Mercedes, VW & Co.: Einer blauer als der andere

Freitag, den 22. Mai 2009

Die neue Waffe im Werbekrieg der Autohersteller ist die Farbe Blau. Aber wie so oft werden dabei nur Scheingefechte geführt. Statt die Kunden mit nackten Zahlen zu beeindrucken (eben mit wirklich und deutlich sinkenden Verbrauchs- und CO2-Werten), werfen die Werbeabteilungen mit Kunstworten für schein-ökologische Fahrzeuge um sich. Die neue Trendfarbe ist ganz offensichtlich Blau. Wegen des blauen Planeten? Weil sauberes Wasser blau ist? Oder der Himmel? Wer weiß. Wie in der Werbung üblich muss es natürlich Englisch sein, weshalb dann „BlueMotion“ herauskommt (bei VW) oder „Blue Lion“ (Peugeot) oder „AdBlue“ (Aral).

Leider – oder zum Glück für die Werber? – versteht niemand die Begriffe. Was etwa soll „BlueMotion“ bedeuten? Blaue Bewegung? Klingt eigentlich nach gar nichts. Weil Volkswagen unter diesem Signum dicke Aufpreise verlangt, stimmt wohl eher, was Engländer hier verstehen würden: „traurige Bewegung“ – „blue“ bedeutet nämlich auch „bedrückt“ oder „traurig“ (wie in „Blues“). Für den Käufer ist es jedenfalls kein Vergnügen, wenn er viel Geld für für Banalitäten wie längere Getriebeübersetzung (also kleinere Rädchen im Getriebe) oder eine modifizierte Steuerungssoftware für den Anlasser bezahlen soll.

Die Verwirrung ist offensichtlich gewollt, denn sie verschleiert Defizite. VW etwa unterscheidet zwischen „BlueMotion“ und „Blue TDI“. Beim einen gibt’s weniger Verbrauch, beim anderen weniger Stickoxide in den Abgasen. Aber beides nicht serienmäßig, sondern gegen Aufpreis. Beim Passat etwa verkaufen die Wolfsburger beide Pakete in unterschiedlichen Modellvarianten. Beim „Blue TDI“ kriegt man fürs Geld wenigstens einen zugegeben aufwändig konstruierten Gegenwert mit Zusatztank und Spezialkatalysator. Beim „BlueMotion“ dagegen: Leichtlaufreifen, die längst in jedes Auto gehören, kosten ebenso ein Aufgeld wie die Tieferlegung, ein längerer fünfter Gang oder eine Schaltanzeige, die aus einem winzigen Pfeil im Cockpit und einer Software besteht.

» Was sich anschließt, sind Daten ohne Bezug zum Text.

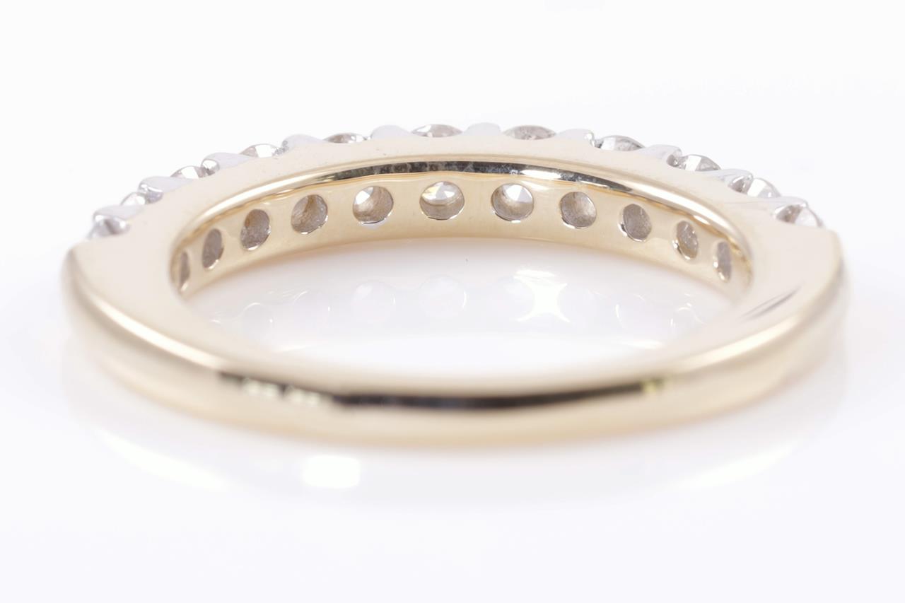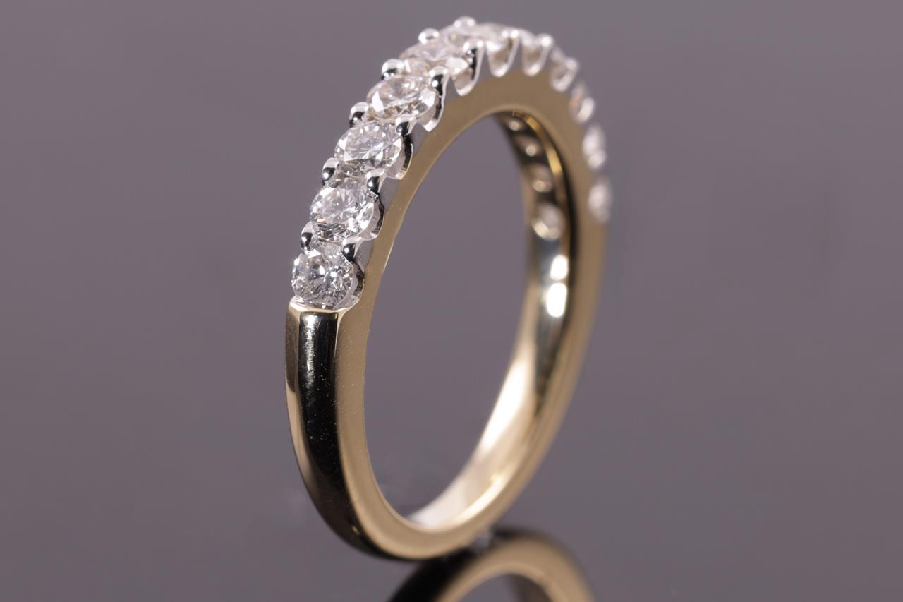 Diamond half hoop eternity ring with 11 round Diamonds totalling 1.00cts (Estimated grading: H-I SI). 14ct yellow and white gold. Size: N - can be resized up by a maximum of 3 sizes, down with ring clip. Weight: 4.4g. (New)

Geradezu komisch wirkt bei genauer Betrachtung der Name des Hyundai-Brennstoffzellen-Konzeptfahrzeugs „i-Blue“ – als „eye blue“, also „Auge blau“ ließe sich das lesen. Ungekrönter Kaiser unter den Königen der scheinökologischen Verschleierungstaktik aber ist Mercedes: Von „BlueTec“ über „BlueTec Hybrid“ bis „BlueEfficiency“ ist alles zu haben. Doch trotz des Wortgeklingels belegt die Marke mit dem Stern beim Flottenverbrauch den letzten Platz der Premiumanbieter.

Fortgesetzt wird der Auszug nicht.